6. Behavioural and Timing Risk
Retail investors often buy into equity funds after a rally and exit during downturns—the exact opposite of rational behavior. This phenomenon, driven by recency bias and loss aversion, destroys long-term compounding.
Kenya’s equity cycles have been particularly sharp: losses exceeding 20% in 2023 were followed by strong rebounds in 2024–2025. Investors who exited prematurely locked in losses, while those who stayed invested recovered.
Implication: The only reliable way to capture equity fund gains is through long-term commitment—typically five years or more—and a disciplined approach to volatility tolerance.
7. Fee Drag and Return Dilution
Most Kenyan equity funds charge management fees of 2–2.5%, plus trustee, custodian, and administrative costs. In flat or modestly growing markets, these costs consume a disproportionate share of returns.
For example, in a year where gross returns are 10%, a 2.5% management fee plus taxes can cut the net gain to roughly 7%. Over a decade, this compounding effect can halve total accumulated value.
Implication: Always compare net returns (after fees) to the benchmark index. A fund that underperforms the NSE All Share Index post-fees adds no value, regardless of marketing claims.
8. Regulatory and Systemic Risk
While the CMA regulates collective investment schemes, Kenya’s capital market still faces systemic vulnerabilities:
- Low retail investor literacy increases susceptibility to mis-selling.
- Infrequent enforcement allows some managers to delay reports or manipulate pricing.
- Economic policy uncertainty (taxes on capital gains, withholding rules) periodically alters the investment landscape.
Implication: Investors should monitor CMA circulars and quarterly reports, which highlight compliance and market integrity issues.
Equity funds are inherently volatile, but volatility is not the same as loss—it is the price of participation in long-term growth. The critical distinction lies in understanding, accepting, and managing that risk.
Investors who choose equity funds in Kenya must be ready for short-term turbulence, sector concentration, and * opaque reporting environments*. Those who treat these funds as long-term vehicles—rather than speculative bets—are the only ones positioned to realize their true potential.
V. Conclusion: Navigating Kenya’s Equity Fund Landscape with Clarity
Kenya’s equity fund market is both promising and underdeveloped—a paradox shaped by regulatory evolution, limited data transparency, and investor caution. For long-term investors seeking exposure to domestic growth, equity funds offer a disciplined entry point into the Nairobi Securities Exchange (NSE). Yet, their success depends not only on market performance but on the investor’s ability to interpret risk, fees, and strategy objectively.
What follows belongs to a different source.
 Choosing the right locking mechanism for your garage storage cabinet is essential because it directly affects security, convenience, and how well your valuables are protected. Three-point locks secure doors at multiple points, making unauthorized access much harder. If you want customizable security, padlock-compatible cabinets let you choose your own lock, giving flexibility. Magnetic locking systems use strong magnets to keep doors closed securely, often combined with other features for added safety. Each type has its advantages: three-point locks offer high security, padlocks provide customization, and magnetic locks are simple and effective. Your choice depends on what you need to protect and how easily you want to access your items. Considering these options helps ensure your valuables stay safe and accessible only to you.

The most consistent insight across all data is this: there is no “best” equity fund—only one that aligns with your goals and risk tolerance. A fund outperforming peers today may underperform next year if market conditions shift or if its sector exposures fall out of favor. The challenge for the investor is not to chase returns, but to evaluate * process quality, transparency, and consistency* over time.
In the years ahead, improving reporting standards, regulatory enforcement, and investor education will determine whether Kenya’s equity funds mature from niche products into mainstream investment tools. Until then, the disciplined investor—armed with patience and data literacy—remains the market’s only true advantage.